WHAT TO WORK ON — Output all entries exactly; images excluded.

(Records excerpted from a collection)
* * * * *
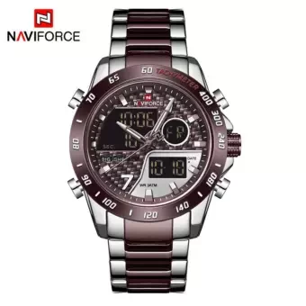 Product details of NAVIFORCE NF9171 Silver And Bronze Two-tone Stainless Steel Dual Wrist Watch For Men - Bronze & Silver
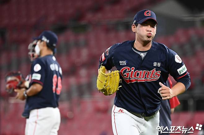 (엑스포츠뉴스 수원, 박지영 기자) 16일 오후 수원케이티위즈파크에서 열린 '2021 신한은행 SOL KBO리그' 롯데 자이언츠와 KT 위즈의 경기, 7회말 2사 2,3루 롯데 김진욱이 강판되어 마운드를 내려가고 있다.
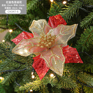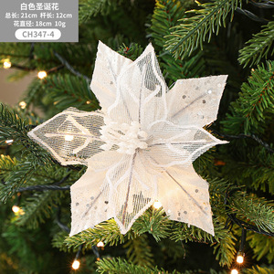 亚马逊新款仿真闪粉亮片金色白色网纱叶子手工圣诞花装饰圣诞花环
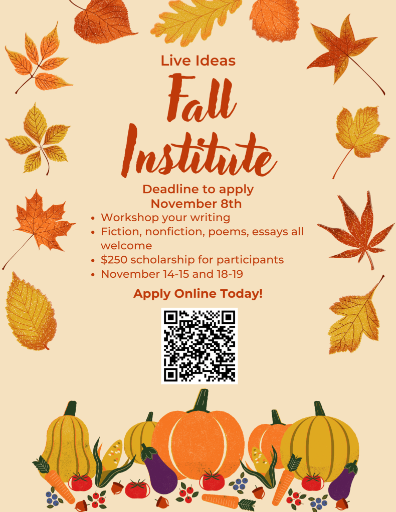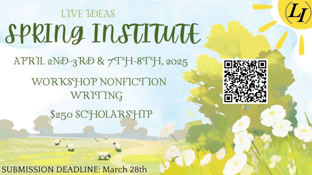 This Spring the Live Ideas Journal will be holding a Writing Institute for Non-Fiction pieces exclusively. The dates for the institute are the 2nd, 3rd, 7th, and 8th of April. There is a $250 scholarship for those who attend all four days of the workshop. To submit follow the QR code or this link: https://form.jotform.com/250317058058152
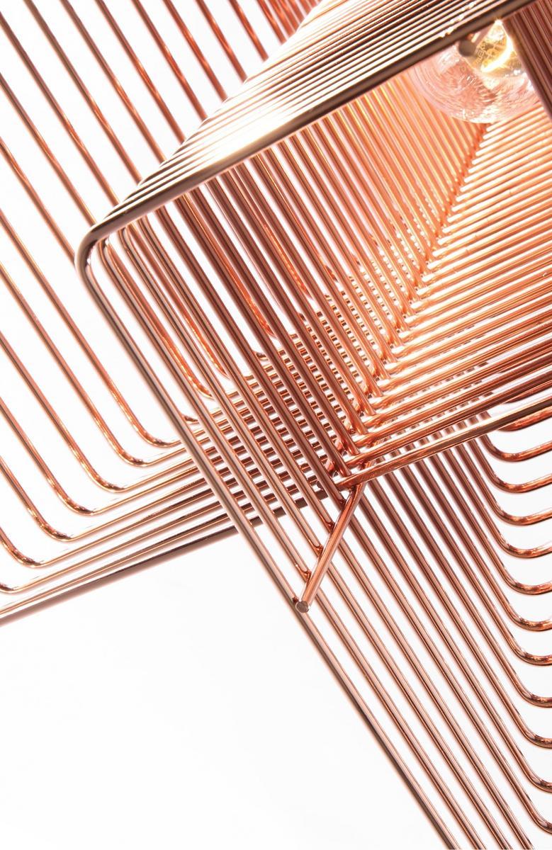 The Grown floor lamp casts a direct light that creates a mesmerizing ambiance in any room. Its unique design features a sequence of wire threads that play with the light, creating a dynamic and artistic effect. Available in opaque white and copper colors, this lamp is sure to enhance the aesthetic appeal of your space.
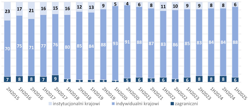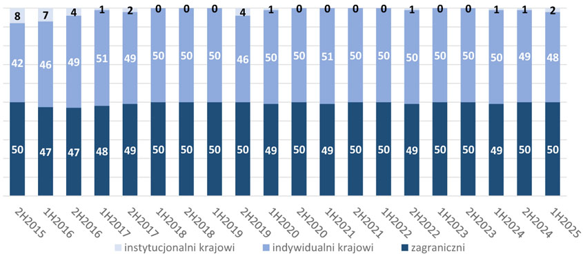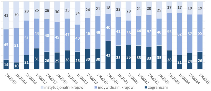 W pierwszym półroczu 2025 roku udział krajowych instytucji w obrotach wyniósł: TFI 21,7%, animatorzy 25,3%, inne podmioty instytucjonalne 26,3%.
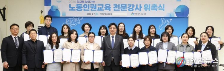 전국연합뉴스 김장수 기자 | 인천광역시교육청은 2일 학생들이 노동의 가치를 배우고 인권 감수성을 함양할 수 있도록 돕는 ‘2026학년도 학교로 찾아가는 노동인권교육 전문강사단’ 위촉식을 개최했다.
* * * * *
ANSWER BOX —
 Product details of NAVIFORCE NF9171 Silver And Bronze Two-tone Stainless Steel Dual Wrist Watch For Men - Bronze & Silver
 (엑스포츠뉴스 수원, 박지영 기자) 16일 오후 수원케이티위즈파크에서 열린 '2021 신한은행 SOL KBO리그' 롯데 자이언츠와 KT 위즈의 경기, 7회말 2사 2,3루 롯데 김진욱이 강판되어 마운드를 내려가고 있다.
 亚马逊新款仿真闪粉亮片金色白色网纱叶子手工圣诞花装饰圣诞花环
 This Spring the Live Ideas Journal will be holding a Writing Institute for Non-Fiction pieces exclusively. The dates for the institute are the 2nd, 3rd, 7th, and 8th of April. There is a $250 scholarship for those who attend all four days of the workshop. To submit follow the QR code or this link: https://form.jotform.com/250317058058152
 The Grown floor lamp casts a direct light that creates a mesmerizing ambiance in any room. Its unique design features a sequence of wire threads that play with the light, creating a dynamic and artistic effect. Available in opaque white and copper colors, this lamp is sure to enhance the aesthetic appeal of your space.
 W pierwszym półroczu 2025 roku udział krajowych instytucji w obrotach wyniósł: TFI 21,7%, animatorzy 25,3%, inne podmioty instytucjonalne 26,3%.
 전국연합뉴스 김장수 기자 | 인천광역시교육청은 2일 학생들이 노동의 가치를 배우고 인권 감수성을 함양할 수 있도록 돕는 ‘2026학년도 학교로 찾아가는 노동인권교육 전문강사단’ 위촉식을 개최했다.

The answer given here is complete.